Заключенному не давали в руки ничего, что могло бы в какой-то степени послужить оружием. Нужно, скажем, остричь ногти — приходил надзиратель с ножничками и выполнял эту нехитрую процедуру. Он же пришивал и отлетевшую пуговицу. Полотенце выдавали утром и отбирали перед сном.
Питание было скудное. Утром давали кипяток и заварку, ломоть белого хлеба. На обед приносили жиденький суп, а на второе чаще всего кашу. На ужин опять же каша и толченая картошка...
В гнетущей обстановке Петропавловской крепости было одно светлое пятно — заключенным разрешалось читать книги из тюремной библиотеки. Запас литературы в ней был весьма большой. Процедура получения ее была такая. В камеру передавались список литературы и грифельная доска. На ней надо было написать названия интересующих произведений и молча возвратить надзирателю.
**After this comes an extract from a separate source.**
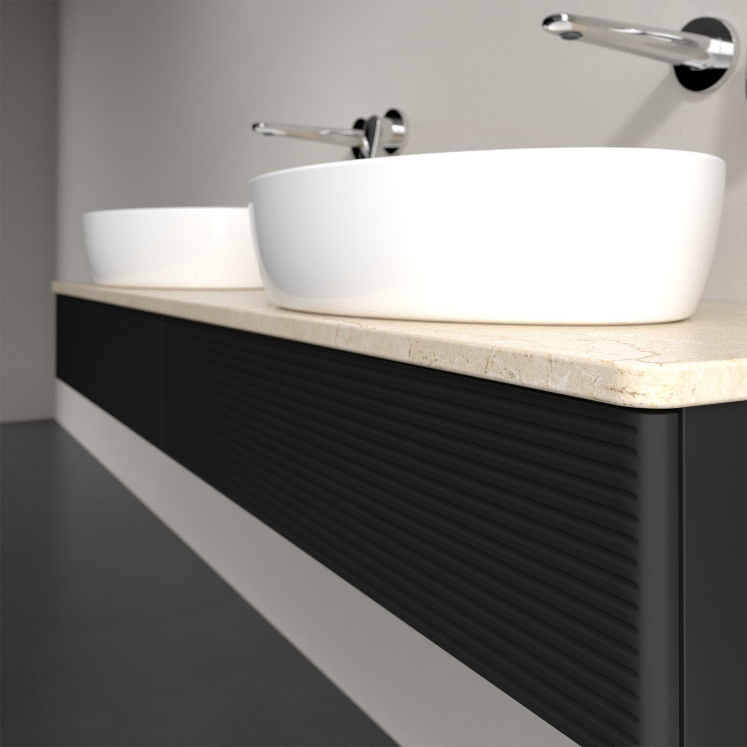 Villeroy & Boch Antao Waschbeckenunterschrank, 160 x 19 cm, 2 Auszüge mit LED-Licht, Front mit Struktur, ohne Hahnloch, für Waschtisch links und recht

Прежде мне некогда было особенно читать. Теперь это стало моей единственной утехой. Я буквально набросился на русскую классику, проштудировал многотомную историю России Соловьева.
Иногда, начитавшись, забирался под жесткое тюремное одеяло и подолгу не мог уснуть. Думал о воле, о родных, о товарищах с корабля. Что и как у них? Все ли на местах? Размышлял и о предстоящем суде. Надежды на благоприятный исход не было. Если уж упекли в Петропавловку, — значит, дело серьезное. Недаром, видно, жандармский генерал пугал на допросе виселицей... Мне не совсем было ясно, почему меня, молодого матроса и довольно неопытного подпольщика, поместили в тюрьму, в которой содержались самые опасные враги самодержавия. За что мне такое отличие? Ведь если смотреть на вещи объективно, то я ничего особенного сделать не успел. Неужели матрос 2-й статьи Николай Ховрин представляет столь серьезную опасность для царизма? Сказать по правде, я даже загордился на какое-то время. Но постепенно все же понял, что дело вовсе не во мне лично, не в Ерохине и Сладкове. Са-
[32]
ми по себе мы не представляли никакой опасности для существующего строя. Царизм, несомненно, пугала наша принадлежность к партии большевиков. Правительство не без оснований опасалось, что большевики могут повернуть за собой рабочих и крестьян, одетых в солдатские и матросские шинели. И если это произойдет, то самодержавию — конец. Я и мои товарищи были страшны властям, потому что они видели в нас частичку организованной силы, подрывавшей армию изнутри.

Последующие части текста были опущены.